Мюльдюн молчал. Смотрел на Омогоя исподлобья, губу кусал. Плохо смотрел, а молчал и того хуже. Мне даже страшно стало. Омогою бы заткнуться, но он не заткнулся. Помните, я говорил вам про зависть? Жуткое дело.
– Где брат твой, айыы?
– Замолчи, – попросил Мюльдюн.
В горле у него заклокотало. Там словно закипел котелок с похлебкой. Омогой слушал этот клёкот и улыбался. Так скалится волк, угодивший в ловушку, перед тем как отгрызть себе лапу.
– Вызволил бы его, а? С ним бы силой и померялся.
– Молчи, дурак!
– Это я дурак, бёгё? Мои братья на свободе…

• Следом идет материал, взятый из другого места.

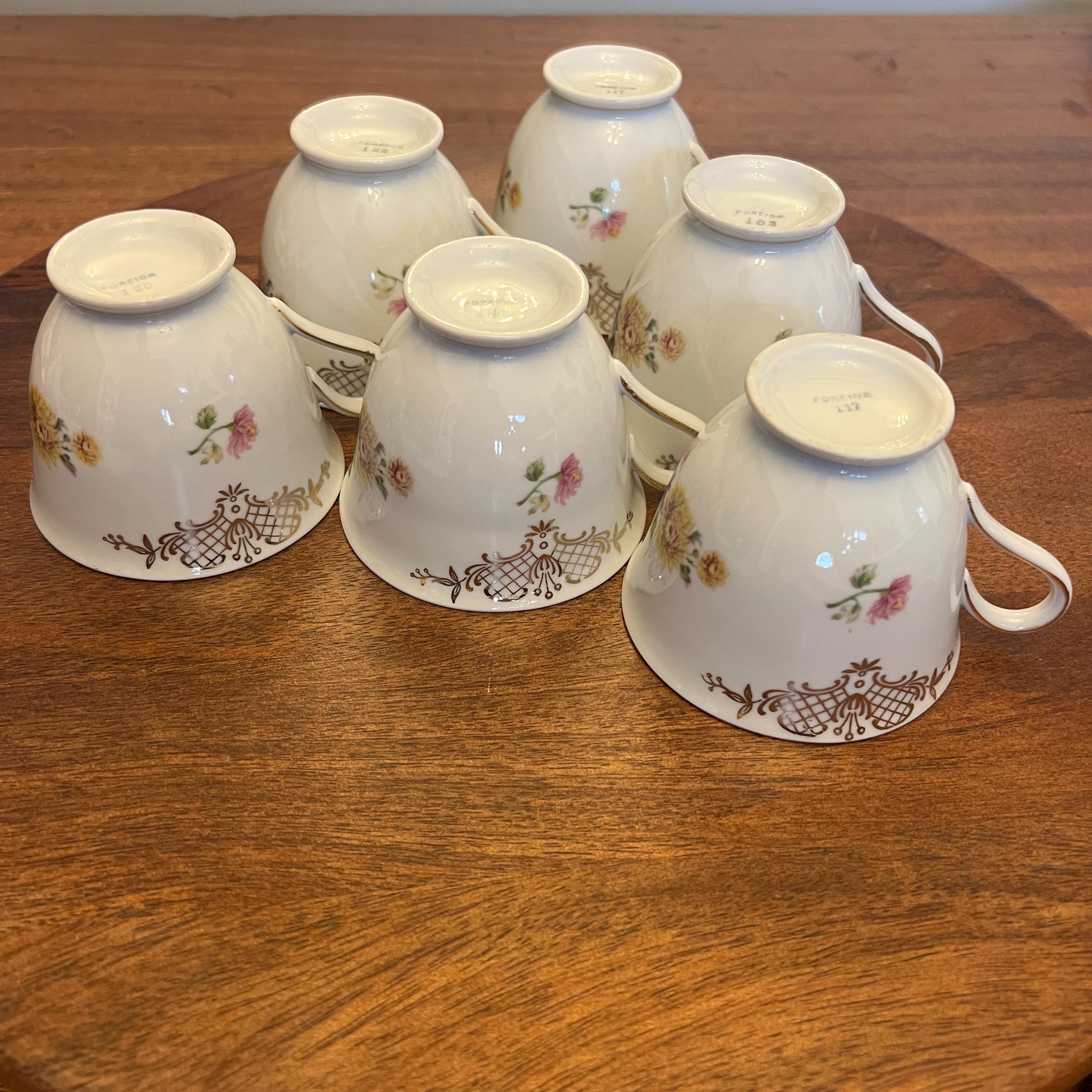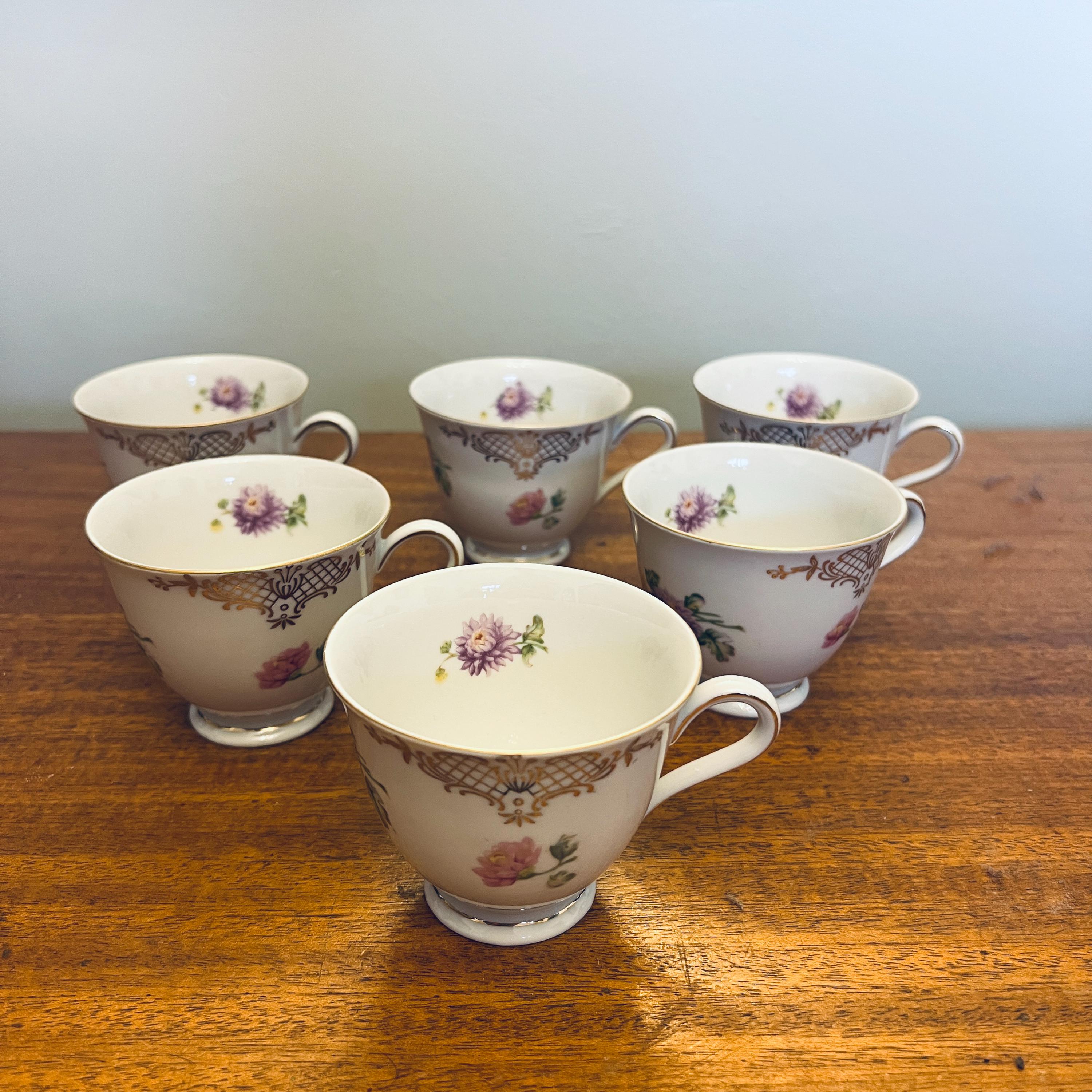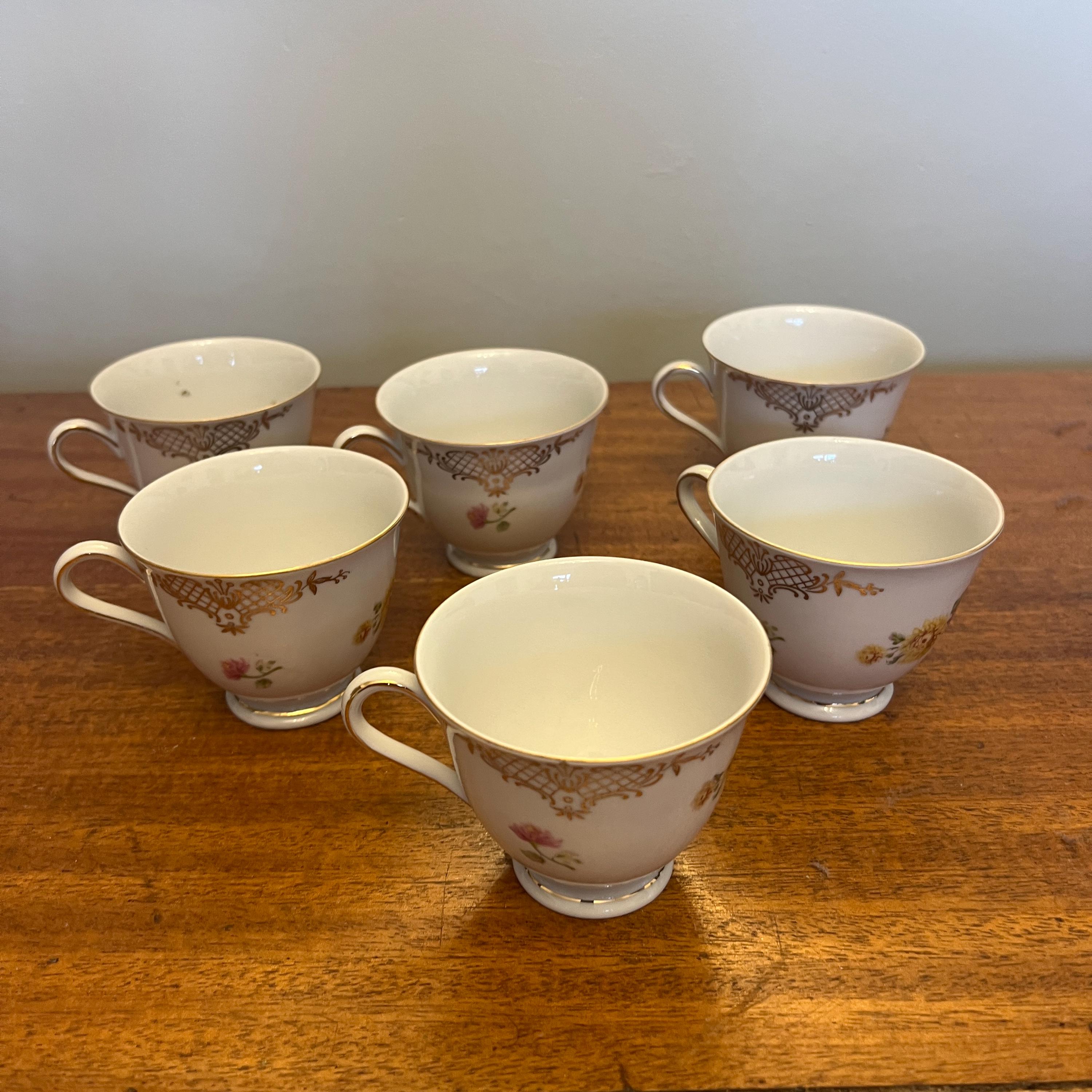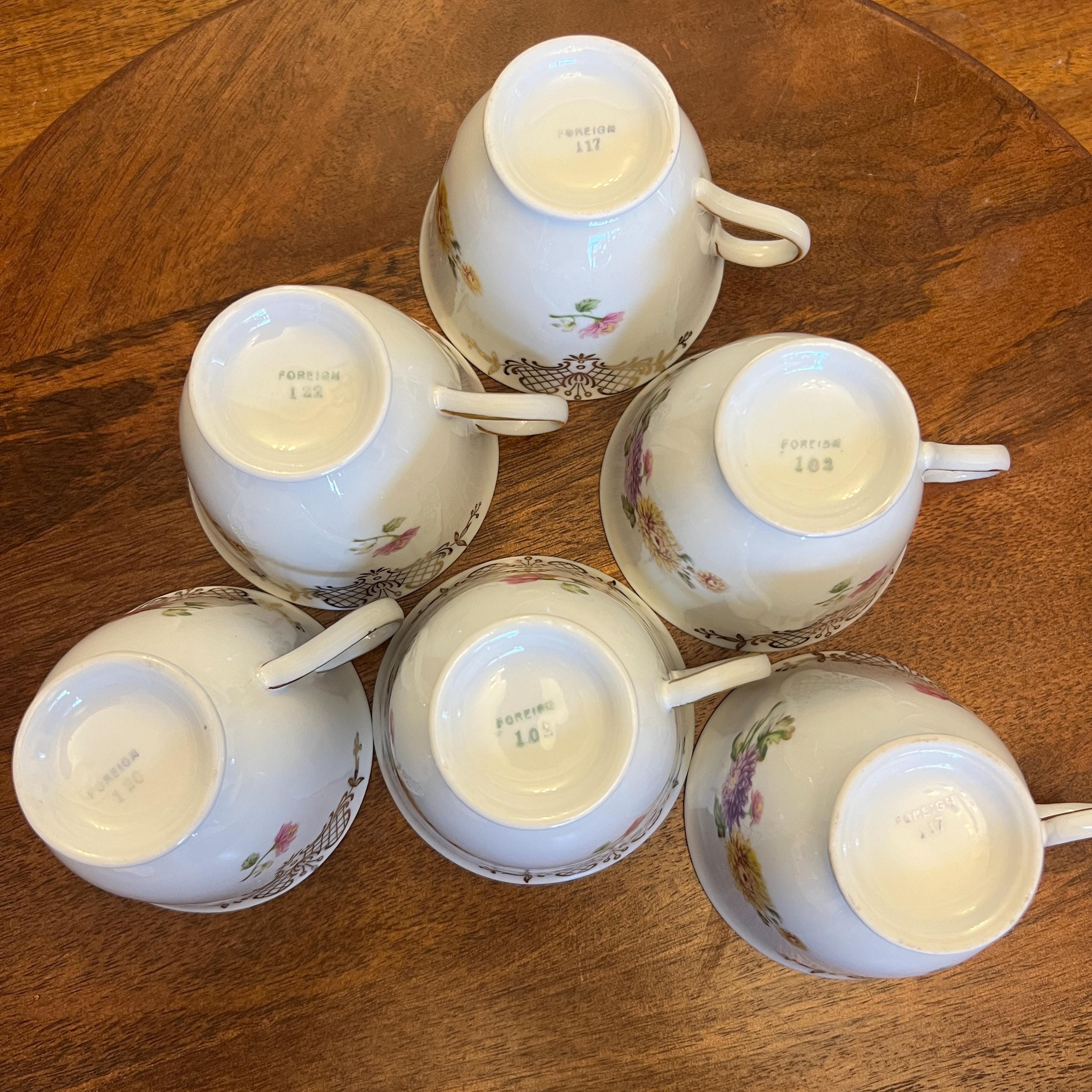 A set of 6 lovely vintage, pedestal footed, china tea cups. These lovely cups do not have their matching saucers but are dainty and elegant to use on their own. They are decorated with a pretty floral transfer design, with golden gilding and are marked 'Foreign' on the base. The maker and age are unknown, although they are thought to date to the mid 20th Century. The cups are all in good condition with no damage or cracks. These are vintage and have been used, so there is some slight wear to the gilding on the rims in places. Please note that one cup has a couple of golden gilding spots inside the cup where the painter had not cleaned up a drip and similarly a few slight miss strokes of gilding around the rim of one or two cups. This can be seen in the photographs.
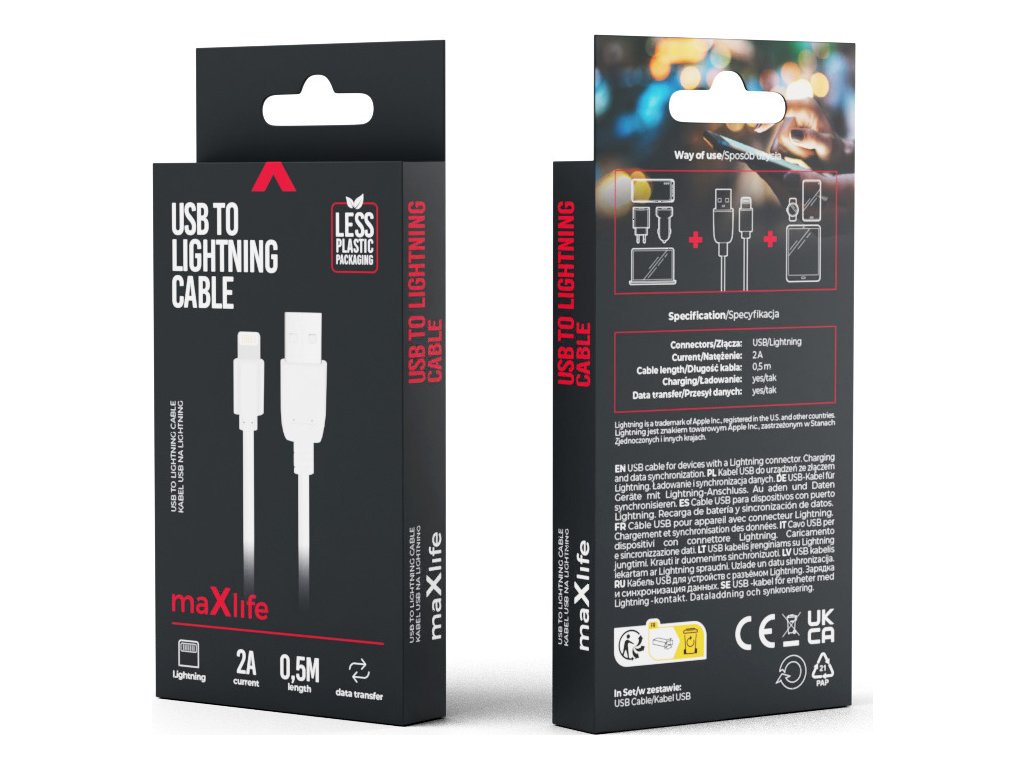 Kabel Maxlife USB - Lightning 0,5 m 2A bílý
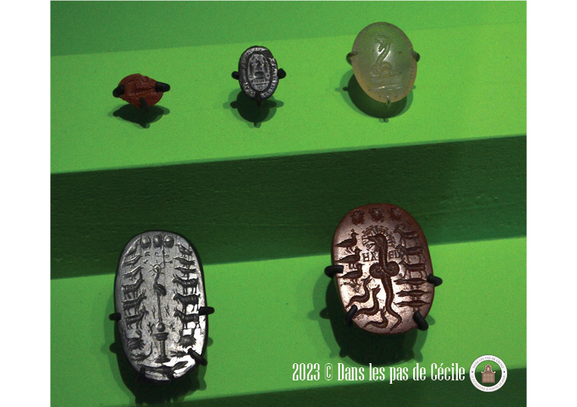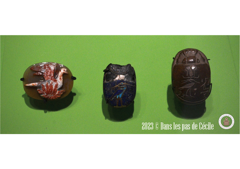 Sur le camée de gauche, vous pouvez apercevoir que l’animal représenté est un phénix. Son origine est probablement égyptienne, il serait fondé sur les représentations du bénou, qui est un oiseau divin représentant la faculté du soleil de renaître chaque matin. Au 5e siècle, l’auteur Hérodote décrit un oiseau rouge et or, qui sont les couleurs de l’aurore. Les auteurs Ovide et Pline l’Ancien réinterprètent la renaissance du phénix en le faisant s’immoler sur un nid d’encens.
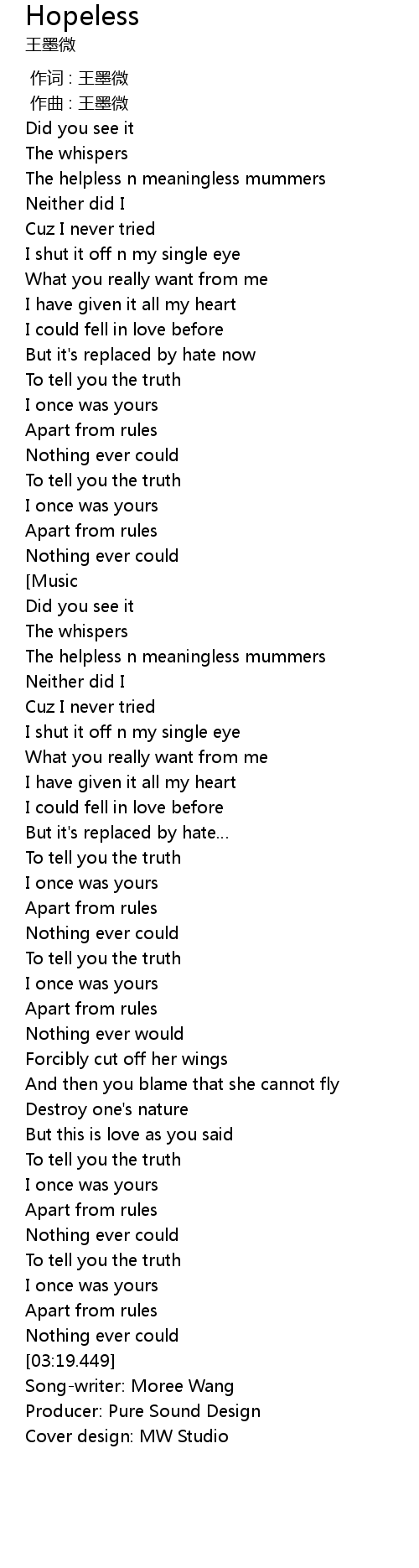 | [03:20.452] | Song-writer: Moree Wang |

Я хотел сказать, что меня ниоткуда вызволять не надо. И не успел: Мюльдюн сделался огромный, как гора. Я его впервые таким видел! Сколько раз просил: расширься по-настоящему, по-боотурски! Ну чего тебе стоит? Он хмурился, уходил. Бывало, подзатыльник давал. А теперь не ушел, остался – лучше бы ушел, или подзатыльник…
Неужели и я таким после Кузни стану?!
Я таращился на Мюльдюна, раскрыв рот – точь-в‑точь как Кустур на наш дом. И Омогой таращился. Ему бы бежать, а лучше ниц падать, умолять о прощении! Не важно, прав ты или виноват, если каждому известно: у боотуров сила и злость рука об руку ходят.
Храбрый был Омогой. Гордый был. Глупый.
– Дурак! – взревела гора.
И ударила лавиной.
Вот он, подзатыльник. Накаркал я сгоряча.
Этот хруст до сих пор стоит у меня в ушах. Кого бы я ни убивал, как бы я ни убивал, а слышу: хрустит. Шея Омогоя сломалась сухой веткой. Тело унесло шагов на двадцать. Парень рухнул – мешок, набитый рухлядью – и даже не вздрогнул от падения. Он лежал ничком, а лицо, нелепо вывернутое, смотрело вверх, на плывущие к горам облака. Из уголка рта начала медленно вытекать струйка крови.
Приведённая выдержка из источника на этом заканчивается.